- [WORK REQUEST]: In the copy, include no images. Reproduce the entries exactly.

··· DATA SHOWN

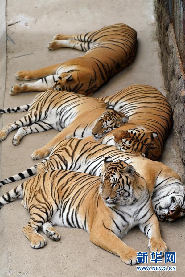 7月28日,在橫道河子?xùn)|北虎林園,東北虎在休息。時值盛夏,位于黑龍江省海林市的橫道河子?xùn)|北虎林園的東北虎活動量減少,以不同方式消夏納涼。新華社記者王建威攝
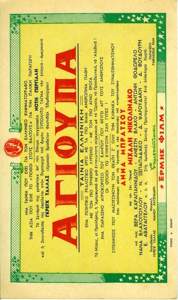 SMALL ADVERTISING POSTER OF GREGG TALLAS’ “AGIOUPA”, INDICATING THE FILMING CREW AND CAST
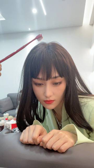 组图:张馨予戴齐刘海假发COS猫咪 等待牙刷刷额头呆萌可爱
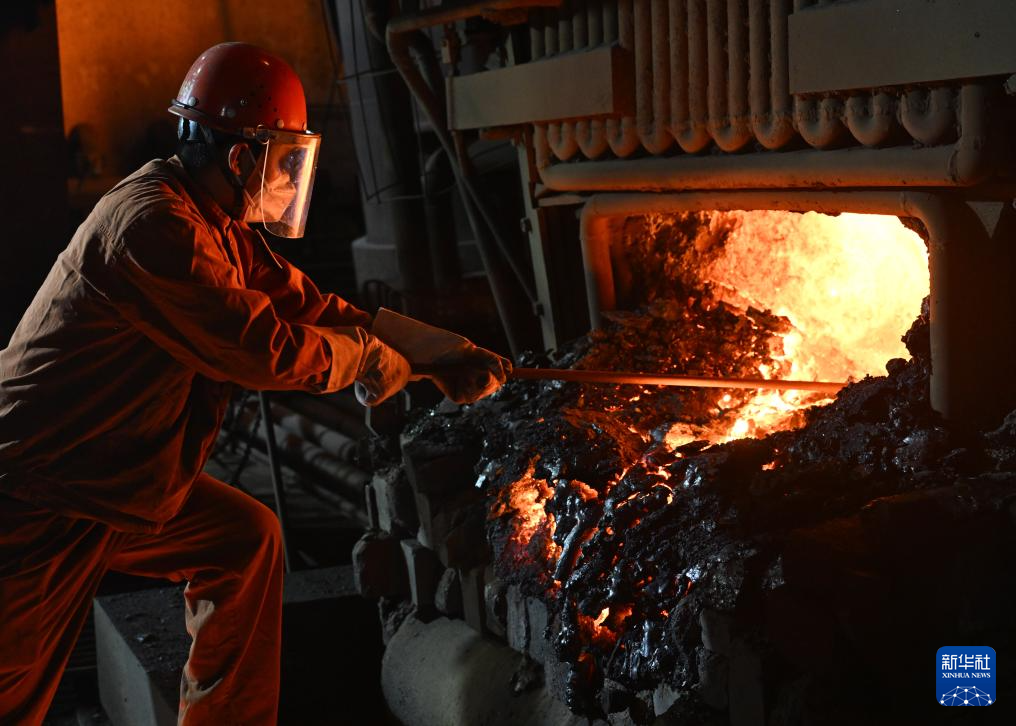1月21日,工人在初炼炉前进行吹氧作业。
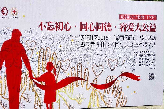 本次活动以纪念世界第71个世界红十字日为主题,积极开展天阳“五心”志愿队服务,宣传“人道、奉献、博爱”精神,推进统战、民建、社区联动共建,促进“民建进社区、同心助公益”。
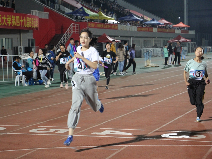 激情赛场,物电争先。赛场上,物电师生奋力拼搏。在男子甲组100米飞人大战中,刘志祥同学一马当先,赢得桂冠;跳远决赛刘志祥同学再获冠军;400栏决赛,强娟重、陈阳同学包揽冠亚军;1500米决赛,张翔宇同学一马当先,勇夺金牌;七项全能比赛,李明同学奋力拼搏,获得总积分第二。孙雪蓉同学获女子甲组100米亚军、200米季军;4×100米决赛中物电女将夺得亚军。教工比赛中,张杰老师斩获男子百米冠军、铅球亚军。
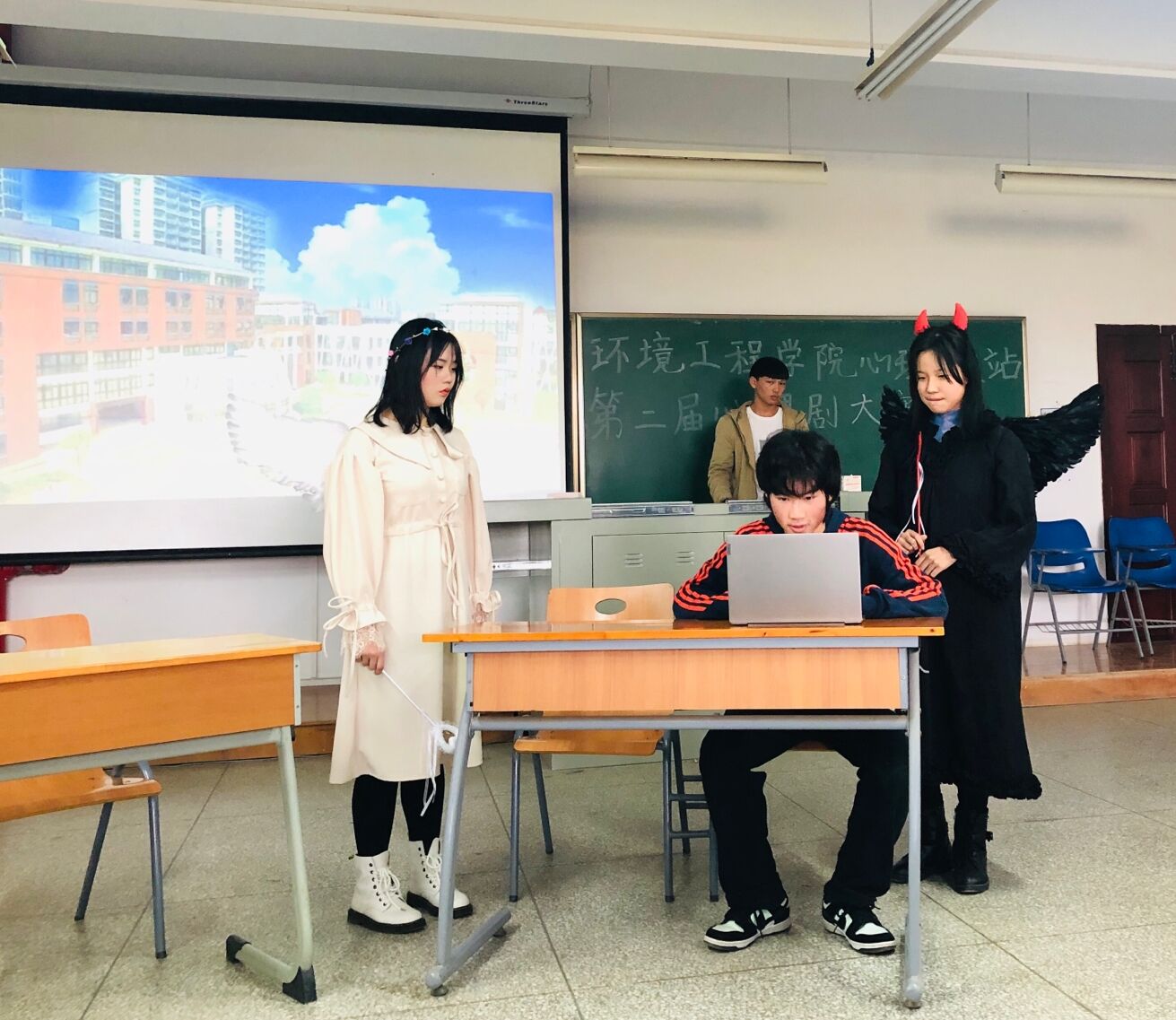 本次比赛的主题为“心魔”和“不能说的秘密”,九支团队聚焦人际交往、学习压力、情绪管理、恋爱心理、爱国主义等主题,从多角度展示了大学生的心理成长过程。给排水11901班的《网络恶魔》荣获一等奖,它讲述了大一学生李明怀揣着梦想来到大学,却慢慢的沉迷网络游戏淡忘最初的理想,一直在心中的“天使”与“恶魔”徘徊,内心痛苦纠结,后来明白父亲与姐姐的不容易而改过自新,重拾梦想。
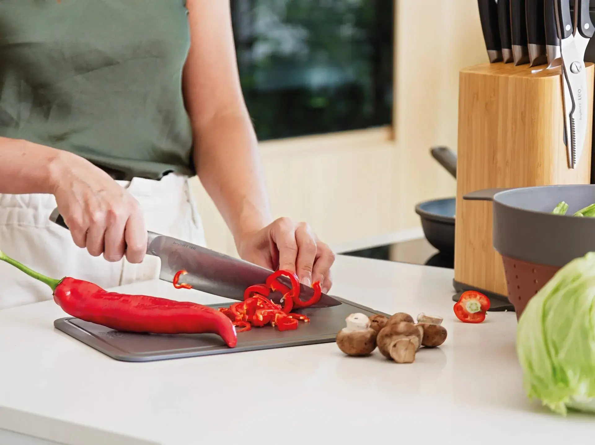 Nóż szefa kuchni BergHOFF Leo Graphite 20 cm to wszechstronne narzędzie, które szybko stanie się jednym z najczęściej używanych noży w Twojej kuchni. Doskonale sprawdzi się do krojenia, siekania oraz szatkowania mięsa, warzyw i ziół.
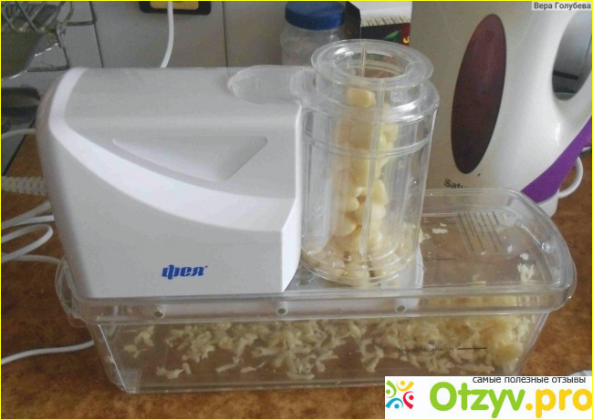 Электрическая шинковка Фея по работе своей понятна и проста, все легко устанавливается, собирается и разбирается. Все, что нужно в работе шинковке, уже есть в комплекте от производителей. Она предназначена для нарезки овощей и фруктов. В комплекте есть 7 насадок ножей, выполненных из нержавеющей качественной стали. Имеет мощность 25 Вт.
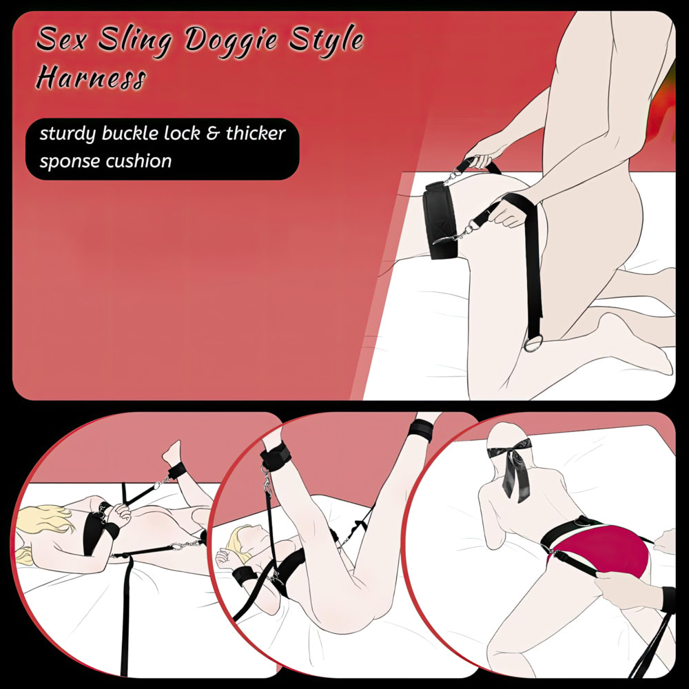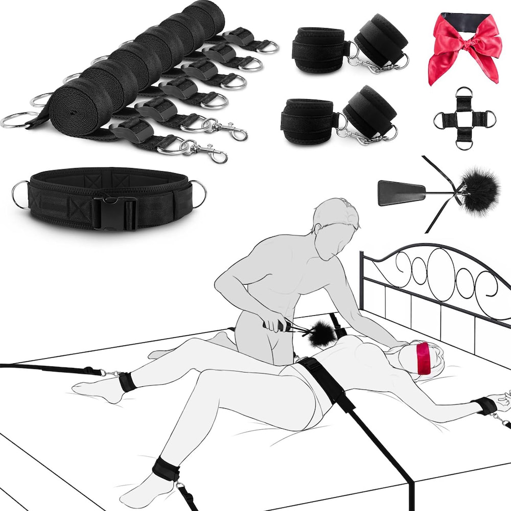 Kit de Bondage para cama - Sling,Algemas,Algemas Cruzadas,Venda,Cócegas,Penas.Esta contenção de cama BDSM possui 6 alças separadas para um conjunto de contenção rápido e fácil, 2 algemas, 2 algemas para tornozelos, uma alça cruzada, um arnês tipo tipoia, um cócegas, um provocador de penas e uma venda. As alças e algemas ajustáveis se ajustam com conforto e segurança, seja você iniciante ou mais experiente, e essas contenções oferecem ótima experiência e controle. Os materiais utilizados são resistentes, duráveis e confortáveis, garantindo que ele possa suportar até os encontros mais apaixonados.Medidas aproximadas:Cinto de contenção: 180 cm; Algemas: 28 cm; Venda: 8 * 147 cm; Pena: 35 cm; Cinto: 120 cm.Peso:600 g.Material:Poliéster+Metal.
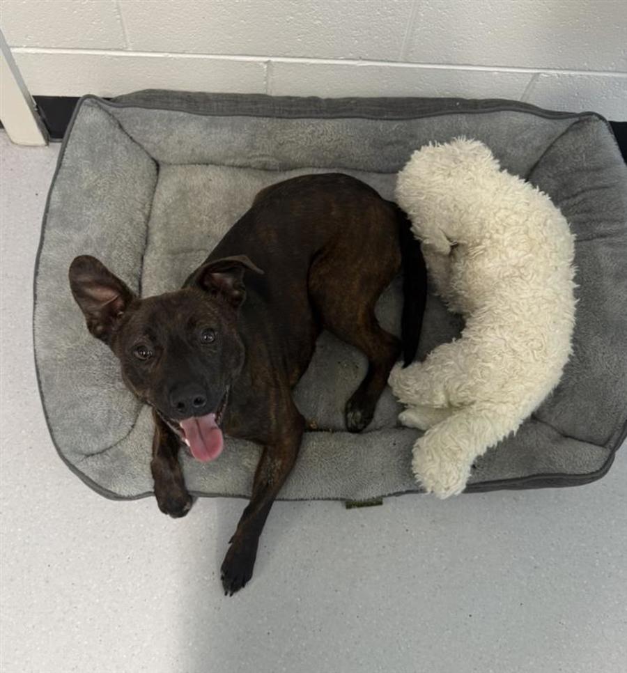 Meet Socks, a lively and lovable Staffy who's ready to be your new best friend! This spirited lady adores every aspect of life, from making new human friends to playing with her fellow canine companions. Her enthusiasm is boundless, and she brings joy to every encounter with her infectious energy and warm heart.
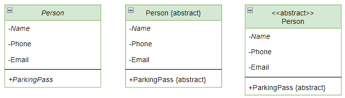 추상 클래스를 나타내는 방법은 총 3가지로 이탤릭체(기울어진 글씨)로 표시하거나 클래스 명에 {abstract}을 붙이거나 길러멧으로 표시합니다.
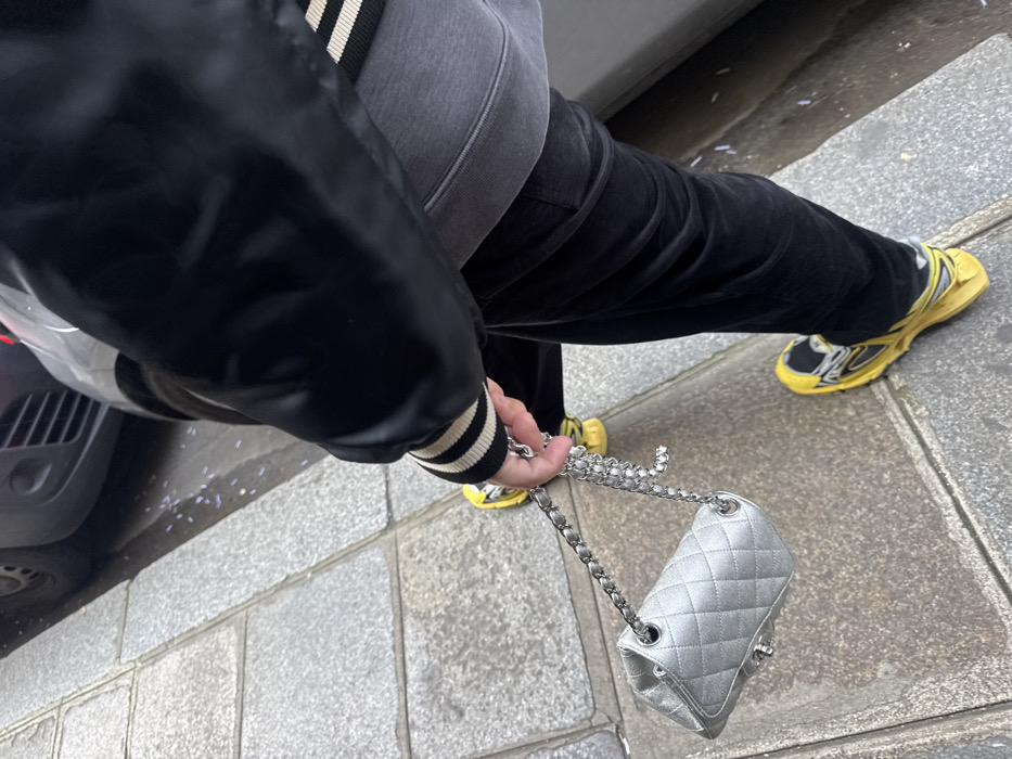 An overhead perspective captures a partial view of an individual standing on a grey stone-paved sidewalk in Paris, France. The subject wears a black satin-finish bomber jacket with black and off-white striped cuffs, a grey crewneck sweatshirt underneath, black velvet or velour trousers, and bright yellow and black athletic shoes. Their right hand holds a small, silver-colored, diamond-quilted handbag featuring a metallic chain strap. A silver-toned charm, resembling a stylized letter 'L' and embellished with small white beads, is attached to the chain. The environment consists of a sidewalk paved with rectangular grey stone blocks, typical of Parisian streets. Adjacent to the sidewalk, a dark-colored vehicle is partially visible, with its tire resting near the curb. Small, light-colored specks of debris are scattered on the asphalt surface between the curb and the vehicle.
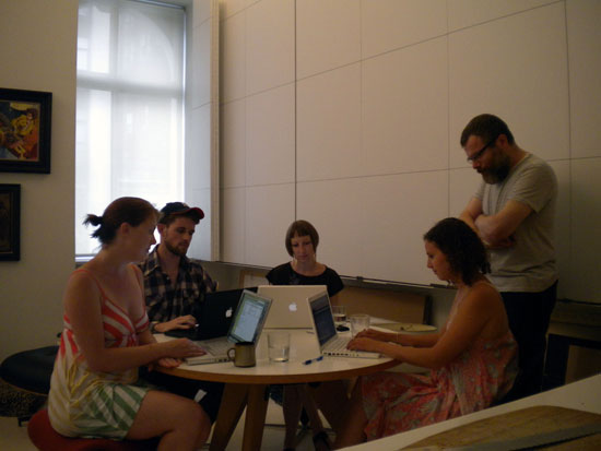 Editor/Publisher David Cohen (standing) with associates and interns Candace Mills (from left), Aaron Dunn, Karley Klopfenstein and Rachel Stratton, Summer 2010
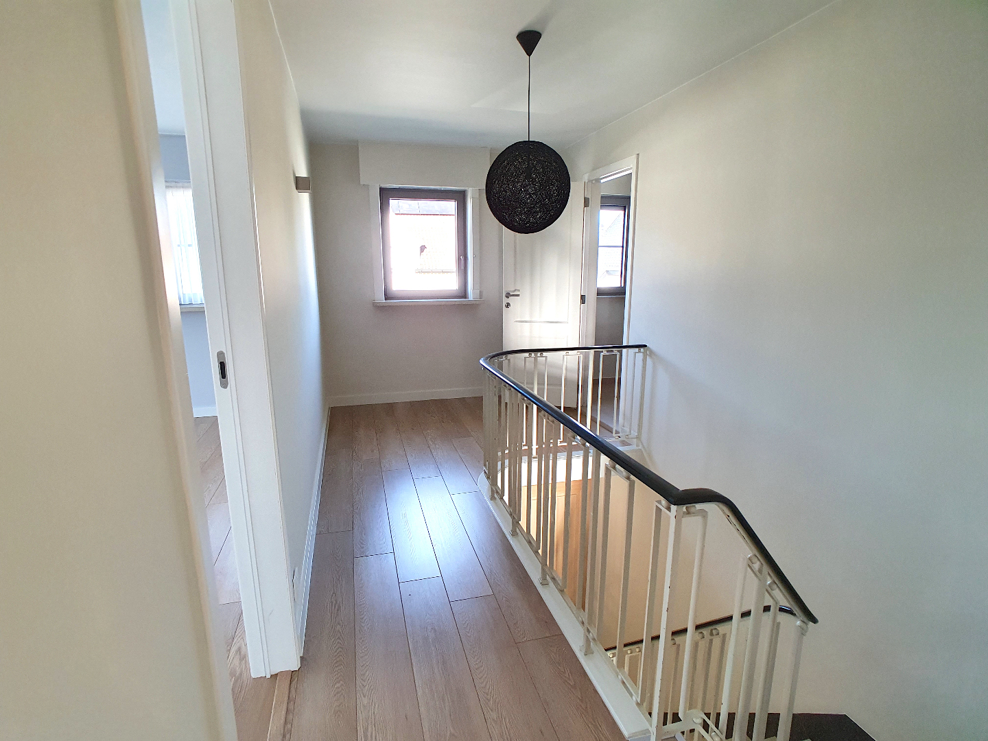 De verdieping beschikt over 3 ruime slaapkamers (waarvan 1 met ingemaakte kasten) en een badkamer met dubbel lavabomeubel, ligbad, inloopdouche en toilet.

······

- [SOLVED PROBLEM]:
 7月28日,在橫道河子?xùn)|北虎林園,東北虎在休息。時值盛夏,位于黑龍江省海林市的橫道河子?xùn)|北虎林園的東北虎活動量減少,以不同方式消夏納涼。新華社記者王建威攝
 SMALL ADVERTISING POSTER OF GREGG TALLAS’ “AGIOUPA”, INDICATING THE FILMING CREW AND CAST
 组图:张馨予戴齐刘海假发COS猫咪 等待牙刷刷额头呆萌可爱
1月21日,工人在初炼炉前进行吹氧作业。
 本次活动以纪念世界第71个世界红十字日为主题,积极开展天阳“五心”志愿队服务,宣传“人道、奉献、博爱”精神,推进统战、民建、社区联动共建,促进“民建进社区、同心助公益”。
 激情赛场,物电争先。赛场上,物电师生奋力拼搏。在男子甲组100米飞人大战中,刘志祥同学一马当先,赢得桂冠;跳远决赛刘志祥同学再获冠军;400栏决赛,强娟重、陈阳同学包揽冠亚军;1500米决赛,张翔宇同学一马当先,勇夺金牌;七项全能比赛,李明同学奋力拼搏,获得总积分第二。孙雪蓉同学获女子甲组100米亚军、200米季军;4×100米决赛中物电女将夺得亚军。教工比赛中,张杰老师斩获男子百米冠军、铅球亚军。
 本次比赛的主题为“心魔”和“不能说的秘密”,九支团队聚焦人际交往、学习压力、情绪管理、恋爱心理、爱国主义等主题,从多角度展示了大学生的心理成长过程。给排水11901班的《网络恶魔》荣获一等奖,它讲述了大一学生李明怀揣着梦想来到大学,却慢慢的沉迷网络游戏淡忘最初的理想,一直在心中的“天使”与“恶魔”徘徊,内心痛苦纠结,后来明白父亲与姐姐的不容易而改过自新,重拾梦想。
 Nóż szefa kuchni BergHOFF Leo Graphite 20 cm to wszechstronne narzędzie, które szybko stanie się jednym z najczęściej używanych noży w Twojej kuchni. Doskonale sprawdzi się do krojenia, siekania oraz szatkowania mięsa, warzyw i ziół.
 Электрическая шинковка Фея по работе своей понятна и проста, все легко устанавливается, собирается и разбирается. Все, что нужно в работе шинковке, уже есть в комплекте от производителей. Она предназначена для нарезки овощей и фруктов. В комплекте есть 7 насадок ножей, выполненных из нержавеющей качественной стали. Имеет мощность 25 Вт.
 Kit de Bondage para cama - Sling,Algemas,Algemas Cruzadas,Venda,Cócegas,Penas.Esta contenção de cama BDSM possui 6 alças separadas para um conjunto de contenção rápido e fácil, 2 algemas, 2 algemas para tornozelos, uma alça cruzada, um arnês tipo tipoia, um cócegas, um provocador de penas e uma venda. As alças e algemas ajustáveis se ajustam com conforto e segurança, seja você iniciante ou mais experiente, e essas contenções oferecem ótima experiência e controle. Os materiais utilizados são resistentes, duráveis e confortáveis, garantindo que ele possa suportar até os encontros mais apaixonados.Medidas aproximadas:Cinto de contenção: 180 cm; Algemas: 28 cm; Venda: 8 * 147 cm; Pena: 35 cm; Cinto: 120 cm.Peso:600 g.Material:Poliéster+Metal.
 Meet Socks, a lively and lovable Staffy who's ready to be your new best friend! This spirited lady adores every aspect of life, from making new human friends to playing with her fellow canine companions. Her enthusiasm is boundless, and she brings joy to every encounter with her infectious energy and warm heart.
 추상 클래스를 나타내는 방법은 총 3가지로 이탤릭체(기울어진 글씨)로 표시하거나 클래스 명에 {abstract}을 붙이거나 길러멧으로 표시합니다.
 An overhead perspective captures a partial view of an individual standing on a grey stone-paved sidewalk in Paris, France. The subject wears a black satin-finish bomber jacket with black and off-white striped cuffs, a grey crewneck sweatshirt underneath, black velvet or velour trousers, and bright yellow and black athletic shoes. Their right hand holds a small, silver-colored, diamond-quilted handbag featuring a metallic chain strap. A silver-toned charm, resembling a stylized letter 'L' and embellished with small white beads, is attached to the chain. The environment consists of a sidewalk paved with rectangular grey stone blocks, typical of Parisian streets. Adjacent to the sidewalk, a dark-colored vehicle is partially visible, with its tire resting near the curb. Small, light-colored specks of debris are scattered on the asphalt surface between the curb and the vehicle.
 Editor/Publisher David Cohen (standing) with associates and interns Candace Mills (from left), Aaron Dunn, Karley Klopfenstein and Rachel Stratton, Summer 2010
 De verdieping beschikt over 3 ruime slaapkamers (waarvan 1 met ingemaakte kasten) en een badkamer met dubbel lavabomeubel, ligbad, inloopdouche en toilet.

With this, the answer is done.